Là où les précédents films du metteur en scène pêchaient sur le plan émotionnel, The Conjuring rattrape complètement l’écart. Les comédiens sont tous parfaits dans leur rôle et les nombreux enfants du film contribuent à une véracité de ton. Le spectateur passe ainsi aisément du plan fictionnel à fausse réalité, le film étant basé sur des faits réels. Atout pour un long métrage qui surf sur la vague esprit démoniaque et exorcisme.
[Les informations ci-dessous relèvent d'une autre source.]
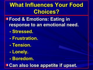 This document discusses various eating disorders including their symptoms, causes, prevalence, course, consequences, treatment and risk factors. Pica, rumination disorder and failure to thrive are eating disorders that typically affect infants and children. Anorexia nervosa, bulimia nervosa, and binge eating disorder are common disorders that often develop during adolescence or early adulthood. Treatment involves a multidisciplinary team to address the medical, nutritional and psychological aspects of the disorder. Eating disorders frequently co-occur with other psychiatric conditions like depression and anxiety.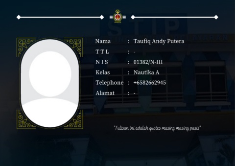 Nama : Taufiq Andy Putera T T L : - N I S : 01382/N-III Kelas : Nautika A Telephone : +6582662945 Alamat : - "Tulisan ini adalah quotes masing masing pasis"

Patrick Wilson et Vera Farmiga forment un couple très convaincant. L’ensemble du casting des enfants oscille entre authenticité et subtilité de jeu. Ainsi, on ne tombe jamais ou rarement dans les pastiches du genre sur ce point. Quant à Lili Taylor, elle impressionne toujours autant par l’intensité de son jeu; à ce titre, la deuxième partie du film qui se centre de plus en plus autour d’elle est portée par son interprétation.
Si la réussite du film est au rendez-vous c’est surtout grâce à la mise en scène très efficace de James Wan. Son sens du cadre, l’habilité qu’il a à renouveler la forme du genre, autant dans sa scénographie que dans sa réalisation, tout cet ensemble pousse le film hors des sentiers déjà-vu du genre. Il révise les classiques (La malédiction, L’exorciste), sans les surpasser bien sûr, apporte une efficacité propre au film à défaut d’y trouver un véritable renouveau.
Peu importe, le résultat est là, il a réussi un film au rythme frénétique où les « jumpscares » sont au rendez-vous, mais pas forcément là où on les attendait. James Wan connaît les règles par cœur du cinéma dans lequel il officie, il sait également que le spectateur tout comme lui à vu déjà un catalogue entier de films sur ce genre. Il décide donc souvent d’ingénieux contre-pieds de mise en scène, de guider le public là où il ne l’attend pas. Cette manière simple et efficace de porter le film de son début à sa fin rend The Conjuring diablement effrayant. Le fait d’installer la mise en scène d’une séquence et de ne pas la terminer comme on l’a trop souvent vu en rend le film plus stressant. C’est parfait pour procurer au film ce petit plus dont le genre avait besoin.
Au final, The Conjuring, s’il manque d’originalité dans son histoire, fonctionne plus que tout autres films récents par sa mise en scène, référencée, plutôt mâture et ingénieuse. Comme ci James Wan tentait de jouer avec le spectateur. En le respectant de la sorte, en ayant conscience de ne pas répéter ce qui a déjà été fait par facilité, le réalisateur livre un des films les plus efficaces du genre ces dernières années.
On ressort du film avec le plaisir d’être passé des sourires crispés aux réels moments de frayeurs, finalement classiques mais démoniaques de possession.